=== THE RECORDS ===
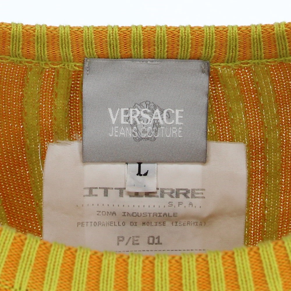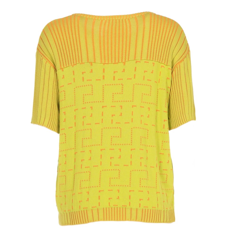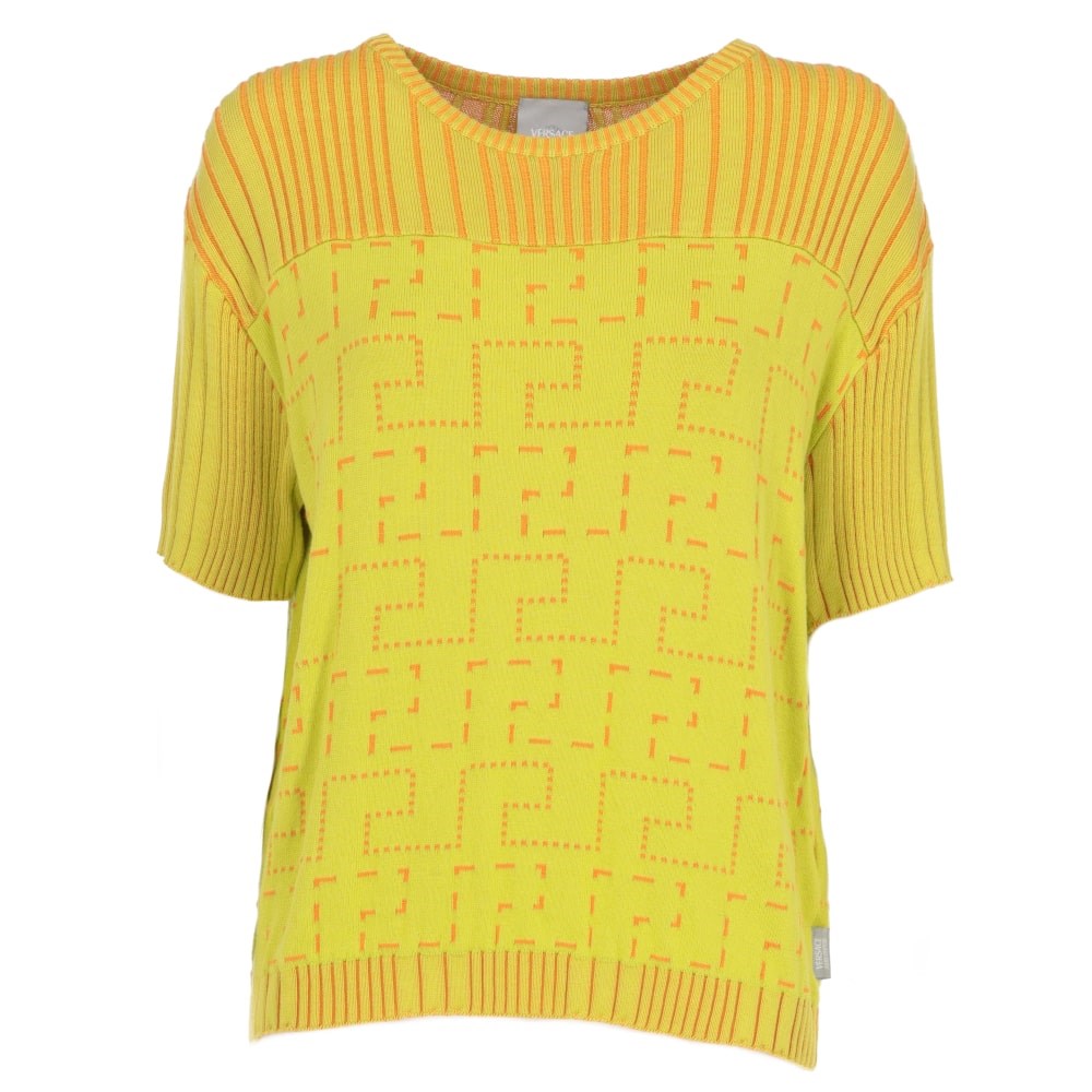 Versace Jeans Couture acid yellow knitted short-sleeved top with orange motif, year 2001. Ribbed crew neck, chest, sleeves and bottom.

--

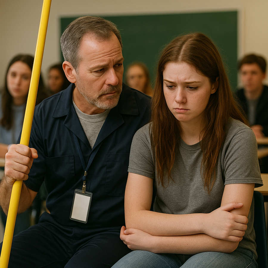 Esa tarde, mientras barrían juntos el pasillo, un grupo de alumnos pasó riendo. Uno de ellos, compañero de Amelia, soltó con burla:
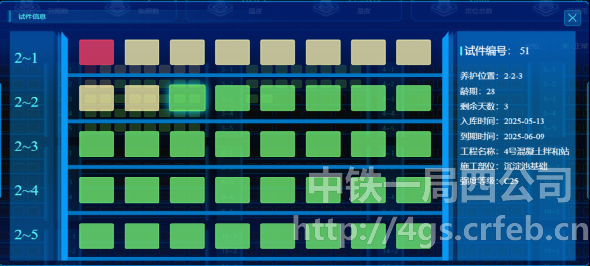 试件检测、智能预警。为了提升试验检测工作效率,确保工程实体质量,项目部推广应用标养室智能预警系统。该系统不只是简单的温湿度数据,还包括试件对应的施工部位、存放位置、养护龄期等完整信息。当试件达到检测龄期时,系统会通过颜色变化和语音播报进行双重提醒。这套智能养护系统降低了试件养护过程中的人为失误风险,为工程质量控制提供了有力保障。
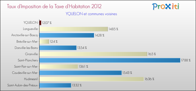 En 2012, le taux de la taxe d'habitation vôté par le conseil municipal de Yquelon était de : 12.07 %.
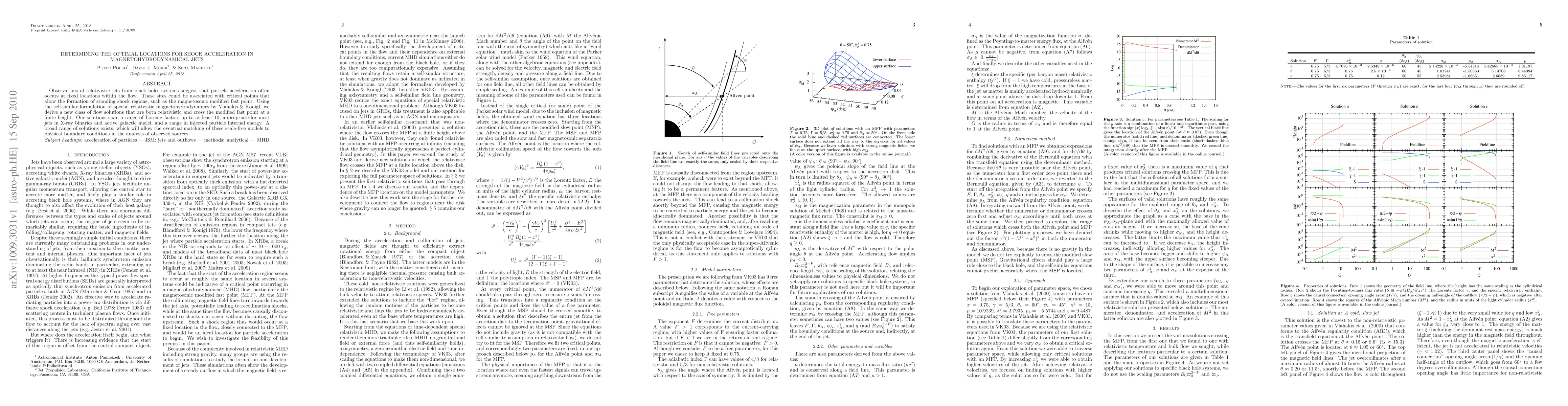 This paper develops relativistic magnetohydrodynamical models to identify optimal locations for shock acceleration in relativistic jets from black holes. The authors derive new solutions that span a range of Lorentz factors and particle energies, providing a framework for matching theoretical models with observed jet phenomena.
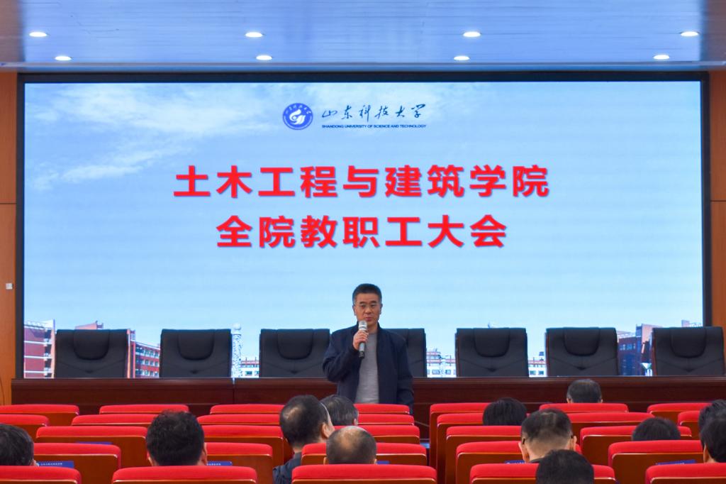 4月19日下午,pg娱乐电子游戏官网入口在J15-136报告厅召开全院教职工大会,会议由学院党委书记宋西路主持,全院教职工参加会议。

=== WHAT YOU NEED TO DO ===
Only the lines starting at the one that includes "This paper develops" and ending at the one that includes "4月19日下午,pg娱乐电子" should be retyped, exactly, from the records above; no pictures.

=== EXERCISE ANSWER ===
 This paper develops relativistic magnetohydrodynamical models to identify optimal locations for shock acceleration in relativistic jets from black holes. The authors derive new solutions that span a range of Lorentz factors and particle energies, providing a framework for matching theoretical models with observed jet phenomena.
 4月19日下午,pg娱乐电子游戏官网入口在J15-136报告厅召开全院教职工大会,会议由学院党委书记宋西路主持,全院教职工参加会议。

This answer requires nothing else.